■ **ASSIGNMENT**:
Answer with the exact lines of the following material from the one containing "17日13:30分,隨著一聲" through the one containing "Mit diesem Hähnchenaufsteller", both end lines included.

■ **DATA TO USE**:
———

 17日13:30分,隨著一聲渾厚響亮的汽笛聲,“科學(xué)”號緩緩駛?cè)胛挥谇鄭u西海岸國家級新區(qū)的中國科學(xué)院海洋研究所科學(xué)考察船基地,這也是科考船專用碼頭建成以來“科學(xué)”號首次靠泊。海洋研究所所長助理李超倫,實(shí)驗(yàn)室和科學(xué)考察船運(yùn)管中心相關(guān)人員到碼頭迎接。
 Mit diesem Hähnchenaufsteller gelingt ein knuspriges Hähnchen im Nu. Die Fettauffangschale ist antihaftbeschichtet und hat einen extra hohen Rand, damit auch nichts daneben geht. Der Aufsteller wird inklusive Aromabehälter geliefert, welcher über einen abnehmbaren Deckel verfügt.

———

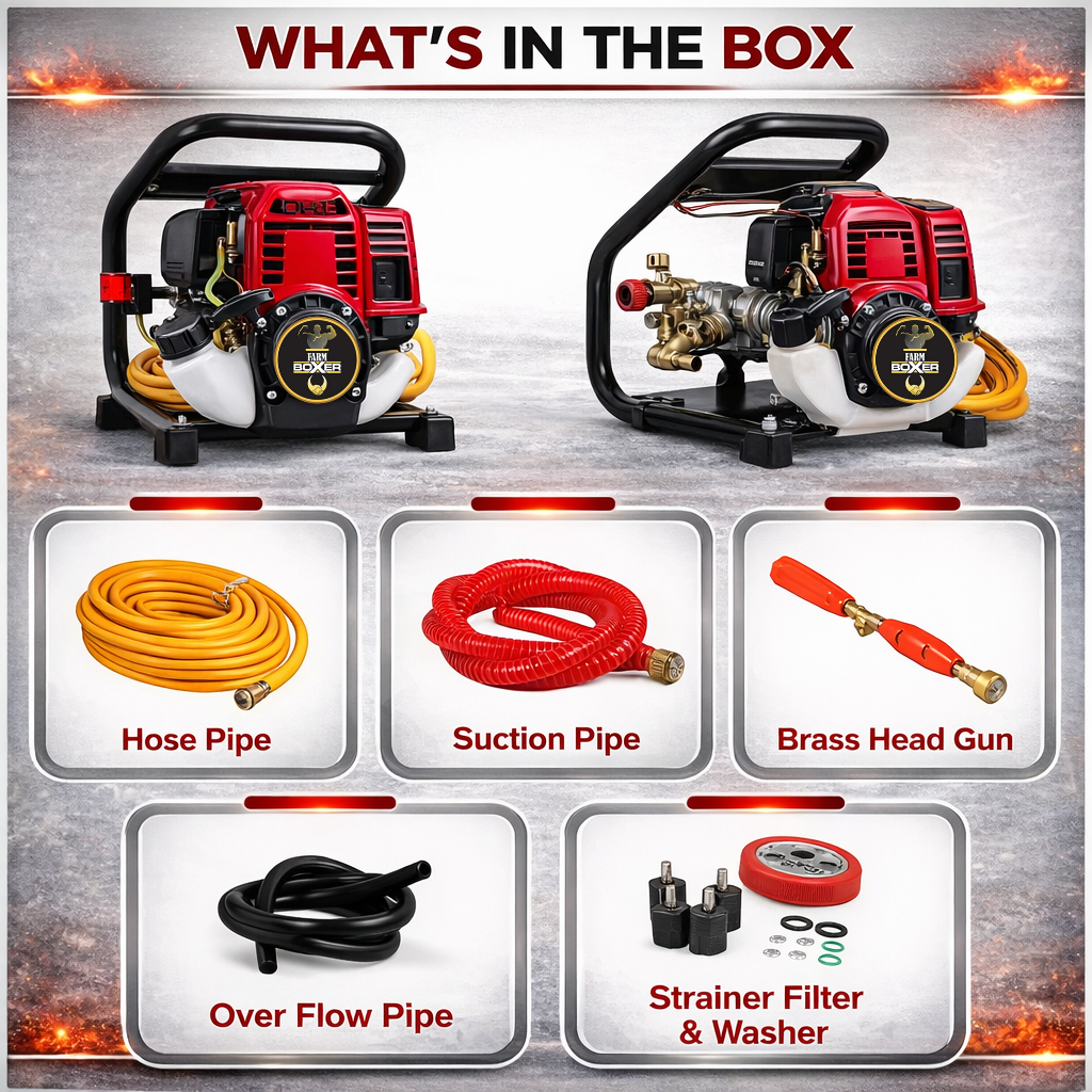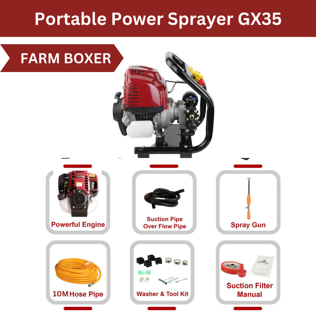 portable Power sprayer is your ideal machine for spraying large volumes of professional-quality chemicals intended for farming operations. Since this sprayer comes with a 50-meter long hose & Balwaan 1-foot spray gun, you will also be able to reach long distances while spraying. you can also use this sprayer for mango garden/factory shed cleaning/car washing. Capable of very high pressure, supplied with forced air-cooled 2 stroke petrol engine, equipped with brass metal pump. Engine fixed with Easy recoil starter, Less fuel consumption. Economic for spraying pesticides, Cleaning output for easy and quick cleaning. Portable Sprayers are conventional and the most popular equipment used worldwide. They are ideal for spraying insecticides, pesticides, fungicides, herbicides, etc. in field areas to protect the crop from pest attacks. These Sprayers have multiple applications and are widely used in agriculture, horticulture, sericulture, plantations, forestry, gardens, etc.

———

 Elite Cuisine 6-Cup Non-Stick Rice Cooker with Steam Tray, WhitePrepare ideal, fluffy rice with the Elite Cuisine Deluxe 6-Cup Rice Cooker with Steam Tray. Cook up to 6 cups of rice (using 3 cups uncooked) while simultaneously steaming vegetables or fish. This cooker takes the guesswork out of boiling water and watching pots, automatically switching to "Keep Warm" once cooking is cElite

———

■ **REPLY**:
 17日13:30分,隨著一聲渾厚響亮的汽笛聲,“科學(xué)”號緩緩駛?cè)胛挥谇鄭u西海岸國家級新區(qū)的中國科學(xué)院海洋研究所科學(xué)考察船基地,這也是科考船專用碼頭建成以來“科學(xué)”號首次靠泊。海洋研究所所長助理李超倫,實(shí)驗(yàn)室和科學(xué)考察船運(yùn)管中心相關(guān)人員到碼頭迎接。
 Mit diesem Hähnchenaufsteller gelingt ein knuspriges Hähnchen im Nu. Die Fettauffangschale ist antihaftbeschichtet und hat einen extra hohen Rand, damit auch nichts daneben geht. Der Aufsteller wird inklusive Aromabehälter geliefert, welcher über einen abnehmbaren Deckel verfügt.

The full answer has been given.